After making sure Victus was settled in and they’d had their own private reintroductions in the main battery, she and Garrus had met up in her quarters, eager to test that amalgam of Turian and human kissing out again. They’d been well on their way to another cross-species sexual liaison when Shepard had stopped them, both nearly nude, and fetched a scrap of paper from her desk. Garrus had reached for his visor on her nightstand, to put the translation software to use, but Shepard had caught his hands in hers and simply nodded to the piece of paper. He’d unfolded it skeptically, taken a second to read over the ink marring the surface, and then turned to her with a wide-eyed expression. It hadn’t been much, just a few words, in his native language. _I’ve missed you, Garrus Vakarian_. They’d been slow and gentle with each other that night.

So when Shepard saw the carved stone marker on the ground, she more than knew the symbols of his name.

Her chest heaved with unshed tears, eyes watering rapidly as she became overwhelmed in the moment. Part of her deep down had hoped until that moment that it wouldn’t be true. She could close her eyes at night, and in between the nightmares of her last few weeks before she’d fallen into that coma, Shepard dreamed of him, both the time they shared together and the things they’d wanted to have for themselves. Hours in her cabin learning each other’s alien bodies like they were their own. A home somewhere on an unrecognizable but beautiful planet. And children—God she’d never, ever thought of becoming a parent until that moment on Earth Garrus had suggested it and instantly she’d known, without a doubt, she wanted them, so long as he was the one to raise them with her. She dreamt about the children they’d never have every single time she closed her eyes.

“This wasn’t how it was supposed to be,” Shepard said to herself and his corpse buried feet beneath her. “I was supposed to be the one that didn’t come back.” Her head shook and she raised her hand to her eyes, covering them both. “You were going to go on. Remember me, but be happy. That was how it should’ve been.”

Slowly, she shifted down to her knees. Beyond her, she could hear Liara yelling.

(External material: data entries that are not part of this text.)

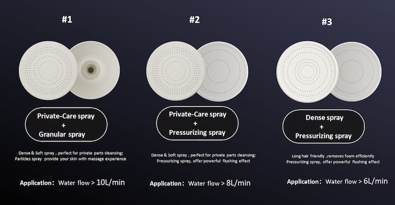 O painel de saída substituído pode ser oferecido junto, para que haja mais opções de pulverização para os membros da família, que podem escolher o padrão de pulverização que mais gostam, trocando facilmente o painel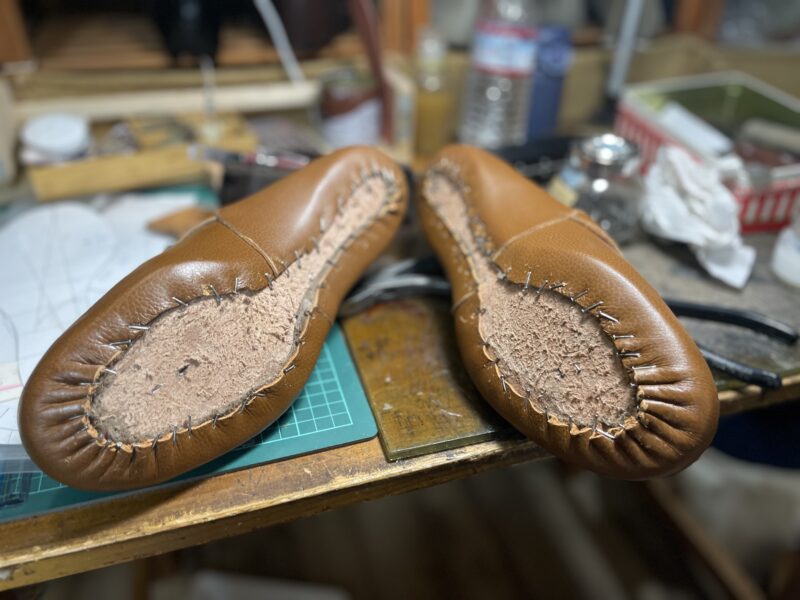 さて、この日も靴工房ではコテージシューズ第2段のフィッティングシューズ製作に明け暮れます。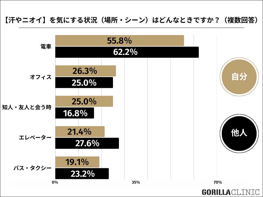 自分のニオイを気にする場面では「電車」が55.8%でトップ。他人のニオイを気にする場面でも「電車」が62.2%でトップに。比較すると、自分のニオイ以上に、他人のニオイへの敏感さが際立つ結果に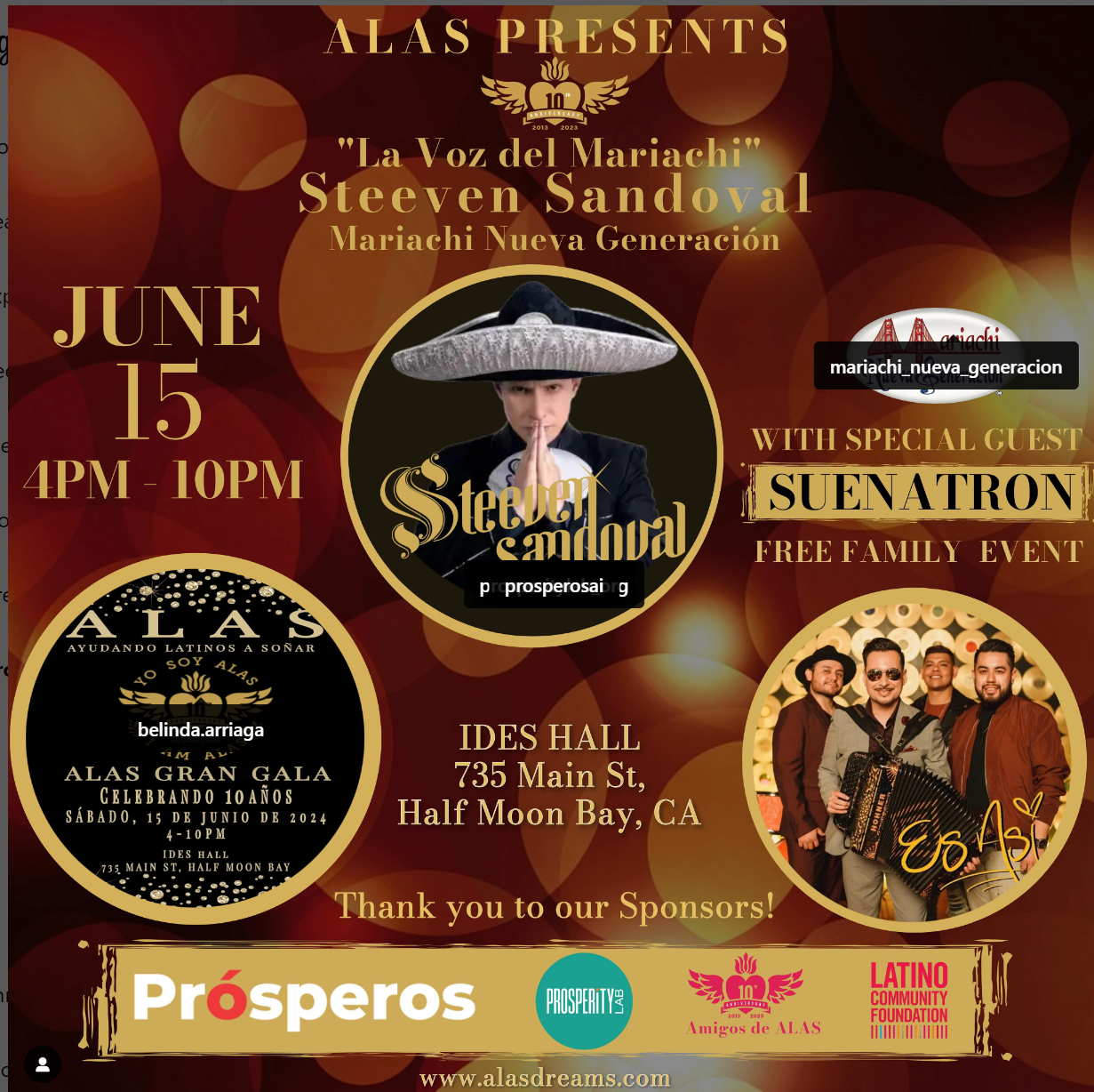 June 15, 2024 @ 4:00 pm - 10:00 pm ALAS 10 YEAR CELEBRATION GALA IDES Hall 735 Main Street, Half Moon Bay, CA Han sido 10 HERMOSOS años en ALAS y qué alegría ha sido servir a nuestra comunidad! ALAS fue construido por y para la comunidad; Free

“I’m fine!” She returned with, and continued to behave as if she was the only one there. She laid down, finally, spreading her body along the grasses, weeds, and dirt, her back lying over the length of where he mimicked her position down below. She shut her eyes to block out the sun, but mostly to hold back the flow of tears she felt releasing. Her head turned and Shepard nuzzled her cheek into the ground. This was as close to him as she’d ever get again. Her salty tears watered the earth.

“I don’t know how to live without you, Garrus,” she confessed. “Do you know how stupid I feel saying that? I’ve been on my own most of my life, and everything I’ve ever lived through has reminded me of it. Mindoir. Akuze. Dying over Alchera. I know how to be alone. But… I just don’t want to be anymore. I saved the galaxy, finished my mission, but this is never how the story ends, is it? I’m supposed to get the happy ending—we both are. The ending we deserve. I’m not meant to look down the next hundred years and know I have to spend them without the person I love.”

Her hand rubbed into the soil, though no matter how long she did it or how hard she imagined it to be something else, she only felt the cool dirt, slightly warmed by Palaven’s sun. It would never be as warm as he was against her skin. The whistle of the wind would never match the deep tones of his gravel-like voice. She’d never lie on anything else ever again and feel the reassurance of lungs and breath. She’d never make love to another person, human or alien, and feel what he did to her, hear his grunting against her ear, the tickle of his talons down her sides. She knew what everyone would say, that time healed all wounds, and maybe eventually she’d move on. Find someone else to love and a new place for herself. But after the life she’d lived, she only wanted what she’d lost.

“It was my fault,” she said, and that was perhaps some of the worst of the pain she’d been feeling. “I brought you into this. It’s my fault you’re gone.” Shepard beat her fist into the ground once, then twice, and let out the strangled cry she’d been holding back. “I don’t know what to do. I just don’t know what to do anymore.”

How long she stayed there unmoving, she didn’t know. Much like that day in the hospital room, the next thing she woke to was her friends beside her, Kaidan rubbing a hand to her cheek to ease her awake.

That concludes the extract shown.